Ryerson Inc. is a leading distributor and processor of metals in North America, with 2006 revenues of $5.9 billion. The Company services customers through a network of service centers across the United States and in Canada, Mexico, India, and China.


Important Information

In connection with its proposed merger with an affiliate of Platinum Equity, LLC, Ryerson plans to file with the Securities and Exchange Commission (the “SEC”) a definitive proxy statement. The definitive proxy statement will be mailed to stockholders of Ryerson. Stockholders of Ryerson are urged to read the proxy statement relating to the merger and other relevant materials when they become available because they will contain important information about the merger and Ryerson. Security holders may obtain a free copy of the proxy statement and any other relevant documents (when available) that Ryerson files with the SEC at the SEC’s web site at http://www.sec.gov. The definitive proxy statement and these other documents may be accessed at www.ryerson.com or obtained free from Ryerson by directing a request to Ryerson Inc., ATTN: Investor Relations, 2621 West 15th Place, Chicago, IL 60608.
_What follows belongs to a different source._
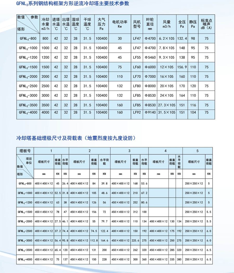 工業(yè)型玻璃鋼冷卻塔,室友機械工業(yè)部第四設計研究院在原設計的同類塔測試數(shù)據(jù)基礎上改進設計的。本設計的特點是冷卻塔風機配有變扭矩雙速電機;當氣溫較低時,例如晚上,電機開低速,冷卻噪聲可低3-5dB(A)。此外,選用雙速電機節(jié)電顯著。多臺冷卻塔配單速電機時,為了節(jié)電,當空氣濕球溫度低時,可停部分電機,但仍比用雙速電機(以年計)多耗電40%。

Certain Information Regarding Participants

Ryerson, its directors and executive officers may be deemed to be participants in the solicitation of the Company’s security holders in connection with the proposed merger. Security holders may obtain information regarding the names, affiliations and interests of such individuals in the Company’s preliminary proxy statement in connection with the proposed merger which was filed with the SEC on August 28, 2007. To the extent holdings of the Company’s equity securities have changed since the amounts reflected in such proxy statement, such changes have been reflected on Statements of Change in Ownership on Form 4 filed with the SEC.